Nancy Birdsall

Photo of Nancy Birdsall

Nancy Birdsall

Nancy Birdsall is president emeritus and a senior fellow at the Center for Global Development, a policy-oriented research institution that opened its doors in Washington, DC in October 2001. Prior to launching the Center, Birdsall served for three years as senior associate and director of the Economic Reform Project at the Carnegie Endowment for International Peace. Her work at Carnegie focused on issues of globalization and inequality, as well as on the reform of the international financial institutions.
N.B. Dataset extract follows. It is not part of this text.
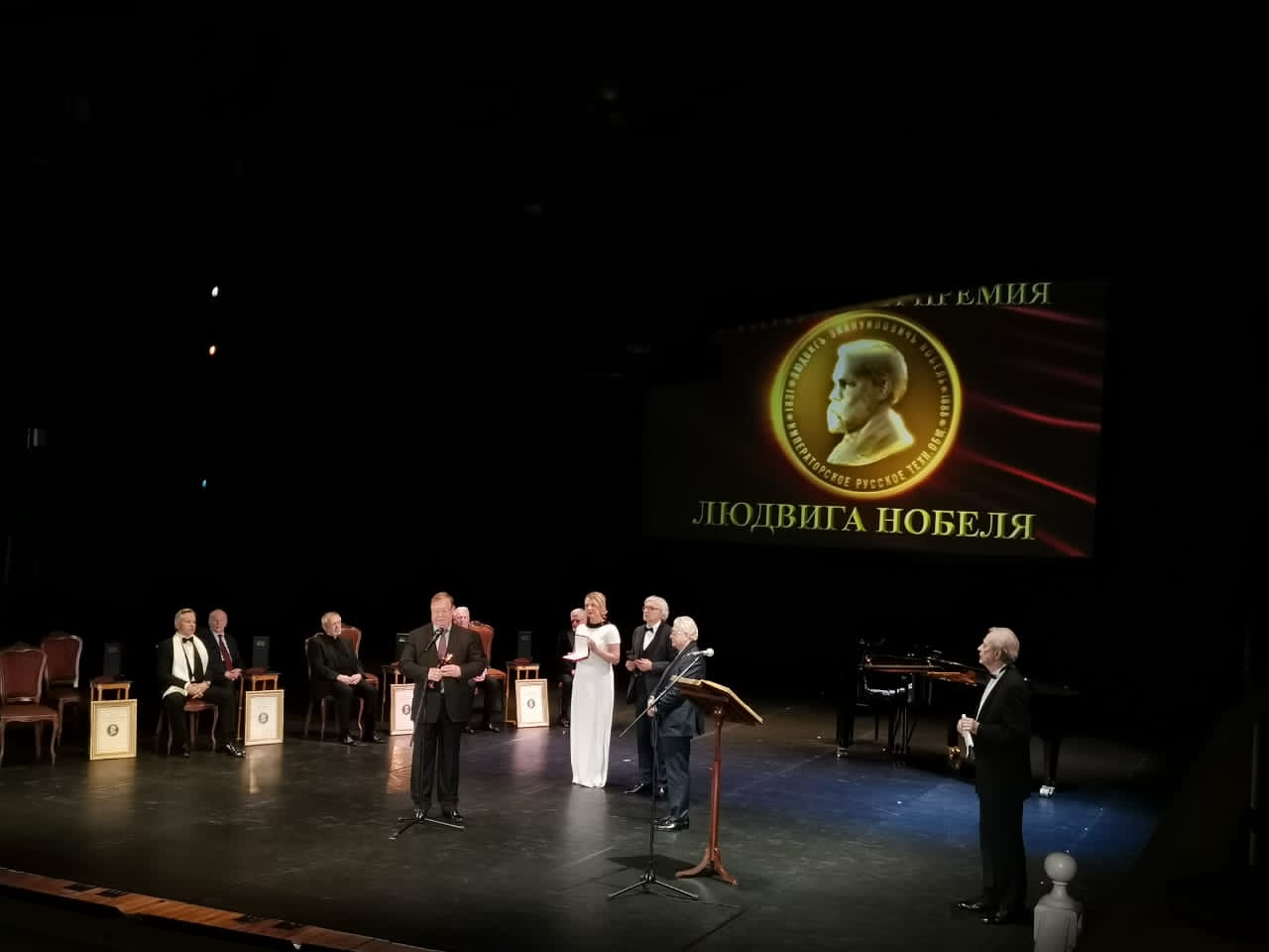 Ровно в 18:00 под звуки фанфар на сцену Эрмитажного театра поднялись Евгений Лукошков, Анна Яковлева и лауреаты премии Людвига Нобеля: известный государственный и общественный деятель, Председатель ИППО Сергей Степашин, директор Всероссийского музея А.С. Пушкина Сергей Некрасов.

From 1993 to 1998, Birdsall was executive vice-president of the Inter-American Development Bank, the largest of the regional development banks, where she oversaw a $30 billion public and private loan portfolio. Before joining the Inter-American Development Bank, she spent 14 years in research, policy, and management positions at the World Bank, including as director of the Policy Research Department.

Birdsall is the author, co-author, or editor of more than a dozen books and monographs including Delivering on Debt Relief: From IMF Gold to a New Aid Architecture; The White House and the World: A Global Development Agenda for the Next U.S. President; Fair Growth: Economic Policies for Latin America’s Poor and Middle-Income Majority; and New Ideas in Development after the Financial Crisis. She is author of over 100 published papers, including dozens in peer-reviewed journals. Shorter pieces of her writing have appeared in US and international magazines and newspapers.

Birdsall serves on the Board of Directors of the International Food Policy Research Council (IFPRI), the African Population and Health Research Center, and Mathematica. She has chaired the board of the International Center for Research on Women and has served on the boards of the Social Science Research Council, Overseas Development Council, and Accion. She has also served on committees and working groups of the National Academy of Sciences.

Birdsall holds a PhD in economics from Yale University and an MA in international relations from the Johns Hopkins School of Advanced International Studies.